I will try to dose once a week Seachem Flourish. Should I also get the Root Tablets??


Fish i am going to get are angels, bristlenose and tetras.


Plants that i am going to choose are the following. Would like some of your opinions if these are right for my set up.


Back - RIGHT Vallisneria spiralis
MIDDLE Echinodorus Amazonicus
LEFT Hygrophila Polysperma 'Rosanervig'


Middle - LEFT Nymphaea Lotus Red
LEFT in front of lotus Cryptocoryne walkeri or Cryptocoryne becketti
Middle LEFT Cryptocoryne wendtii 'Tropica'
Middle RIGHT Cryptocoryne undulata
Right Cryptocoryne Lucens


Carpet - Echinodorus Tenellus or Marsilea Hirsuta (Preffered)

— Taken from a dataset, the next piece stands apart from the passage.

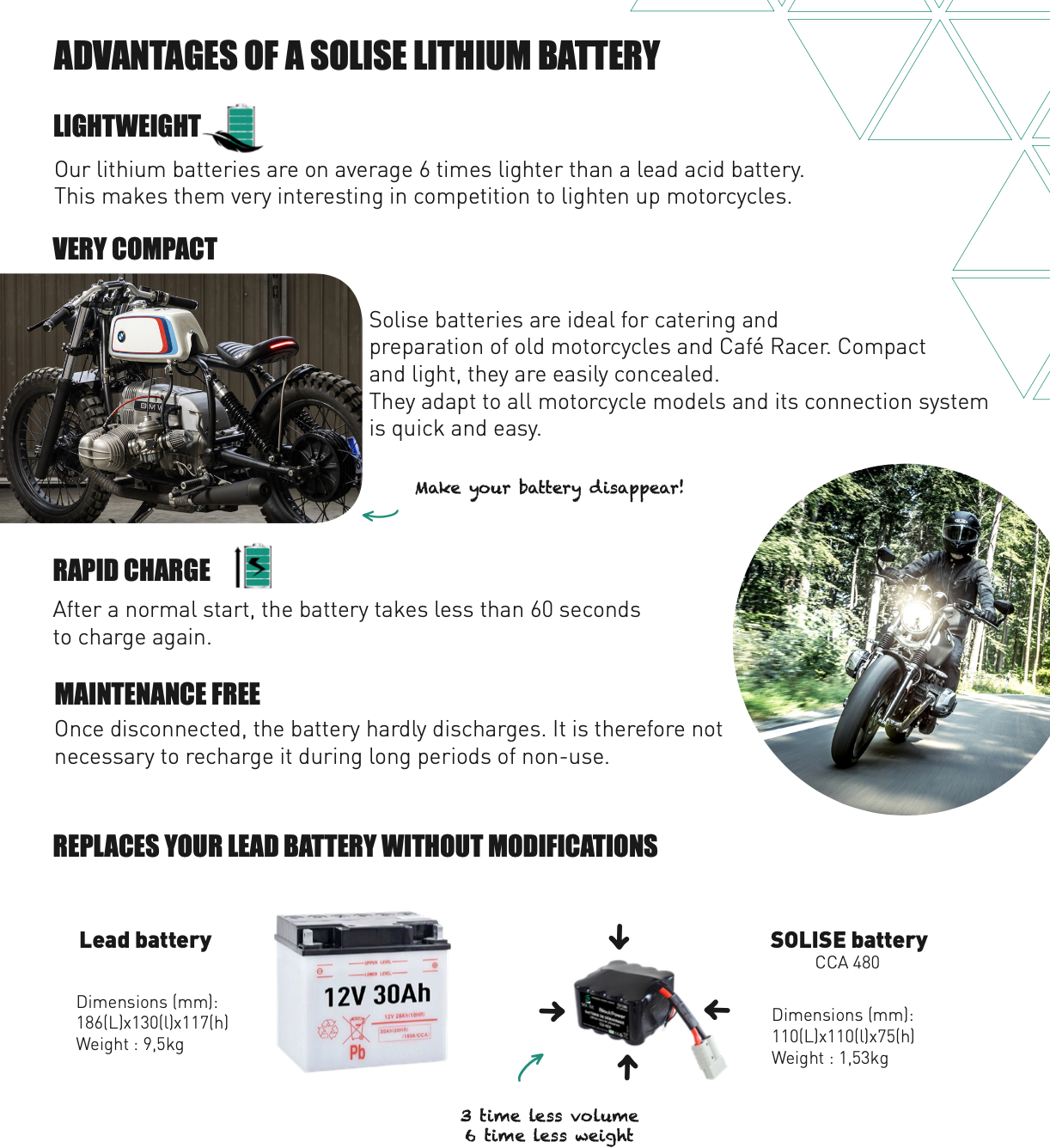 - Un poids plume : en moyenne 6 fois plus légère, cette batterie est utilisée en compétition pour rendre les motos plus légères.

Mosses & Anubias on driftwood with moss ball to fill in some blank.




Below Tank right now.


----------



## Tallonebball (Apr 6, 2009)

Your tank is going to be gorgeous, good job. 
How did you come across that background?


----------



## migdem (Jun 6, 2007)

http://www.juwel-aquarium.de/en/motive_background_cliff558.htm

Link for the background


----------



## migdem (Jun 6, 2007)

I am going to order


7x Vallisneria spiralis - BUNCHES
3x Echinodorus Amazonicus BUNCHES POTTED
9x Rotala Indica - BUNCHES
3x Nymphaea Lotus Red - POTTED
3x Cryptocoryne becketti - POTTED
4x Cryptocoryne wendtii 'Tropica' - POTTED
4x Cryptocoryne undulata - POTTED
4x Cryptocoryne Lucens - POTTED
4x Echinodorus Tenellus - BUNCH
1x anubias coffee folia - 


What do you think?


----------



## Schwartzy61 (Jan 25, 2010)

Tanks is going to look amazing. The gravel is awesome too, i have some in my 10g. Great results.


----------